In summary, the NAPLAN essay fails to be a valid measure of any serious formulation of writing ability, especially within the context of its current uses. Indeed, NAPLAN’s focus on low-level mechanical skills, trivialisation of thought, and its overall disjunction from authentic constructs of writing may be partially responsible for declining scores in international tests.
There should be an impartial review of NAPLAN, commencing with special attention being paid to the writing essay, leading to a fundamental redesign of the essay and the reconsideration of its uses.

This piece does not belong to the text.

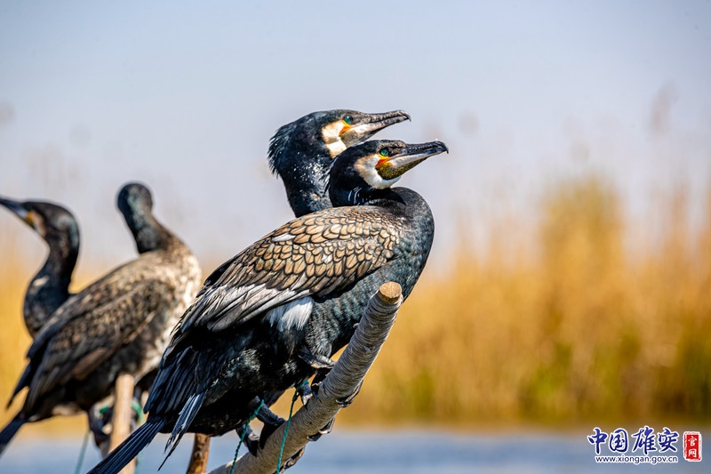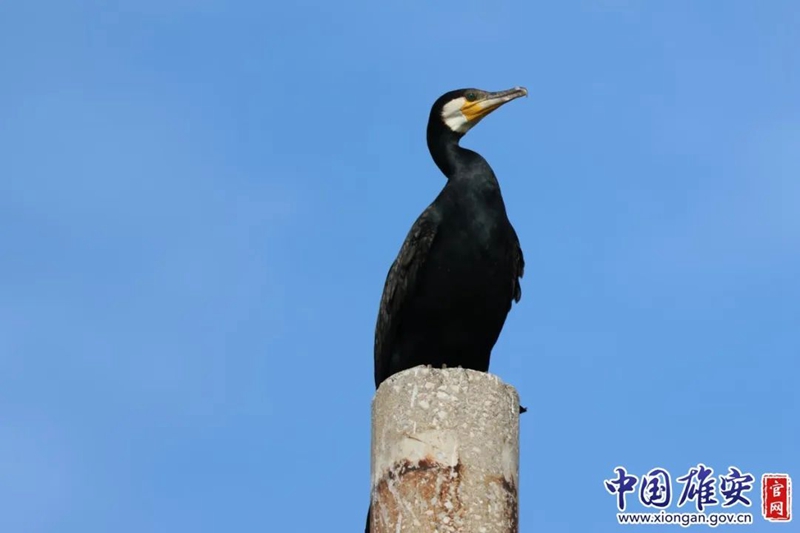 普通鸬鹚俗称“鱼鹰”“水老鸦”。体长约90厘米,嘴厚重,脸颊及喉白色,脸部有红色斑,两胁有白色斑块。中国雄安官网发

Such a review should also consider the way in which NAPLAN is administered and marked, its current disconnection to a rich curriculum and the specific and diverse teaching programs that children experience in classrooms.
Such a review should be an inclusive process encompassing all elements of the educational and academic communities with the key focus areas identifying the particular needs of students, how they have progressed in their class with the programs they are experiencing and how systems, jurisdictions and the nation can further support their intellectual growth and futures.
A principal emphasis in this review should be to promote alignment of the curriculum, classroom pedagogy, and all forms of assessment; that is, to test to the teaching. If students consider classroom exercises and outside assessments to be indistinguishable, and both reflect the curriculum, then assessments reinforce teaching and learning rather than possibly subverting them.